Of course, I’m talking about the SpaceX IPO today. The company is worth $1,750,000,000,000. More than almost every company on Earth. (They also lose more money every year than most companies are worth.) All because Elon Musk said something about rockets and Mars.

Or go look at how software companies are doing. They can announce a record quarter. Record revenue, record growth, record everything. Then someone on Twitter says “vibe coding kills SaaS” and the stock price drops 20%. They’re not killed by vibe coding. They’re killed by vibe trading.

The more you know about an industry, the worse you are at predicting its stock price. Because the vibe traders outnumber you. Together they have more money than you. When they buy a stock, the price goes up, then more people will buy, then the price goes up more. Then the stock gets added to an index fund. Don’t take my word for it, Sam Conman said so himself.

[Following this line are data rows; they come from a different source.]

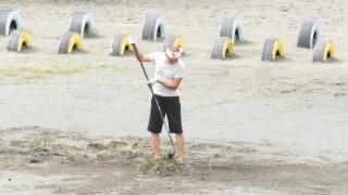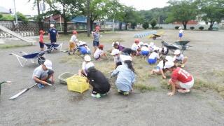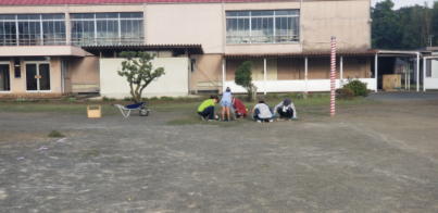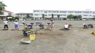 運動会前ということで、トラック上の除草作業を行っていただきました。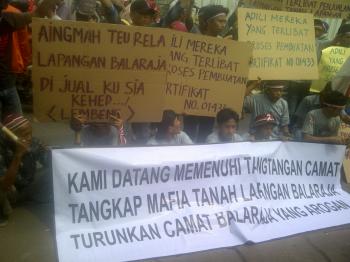 Koordinator Aksi Erwin mengatakan, kedatangan ratusan mempertanyakan penjualan aset lapangan Balaraja. Proses penjualan lahan seluas 7.026 meter persegi ini seharusnya batal demi hukum. Karena lahan tersebut sarat dengan rekayasa."Kami meminta agara Camat Balaraja mundur dari jabatannya dan harus bertanggung kawab atas penjualan aset negara,"ujarnya. (day)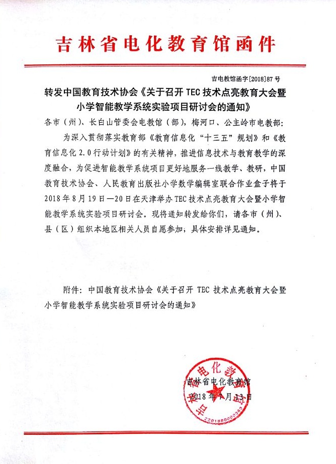 转发中国教育技术协会《关于召开TEC技术点亮教育大会暨小学智能教学系统实验项目研讨会的通知》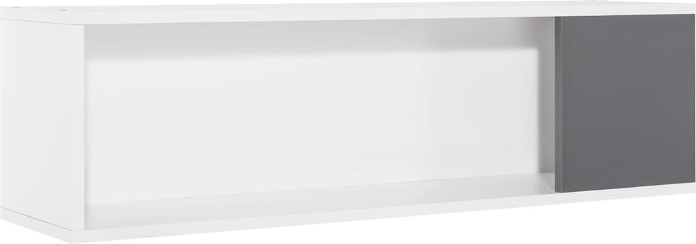 A Concept bútorcsalád tagjaként a könyvespolc fehér és szürke bútorelemekből készül.

What did you say? Fundamentals still matter? Fundamentals matter like gravity still matters to a balloon. There’s a saying that goes, the market can stay irrational longer than you can stay solvent. You want to know how long “longer” is? How about an Eternity?

Is there a way out of this? Maybe. Maybe you can buy boring companies that nobody talks about. Or redefine “long-term” as 30 years.

… Until AI trading agents come in and ruin everything, that is.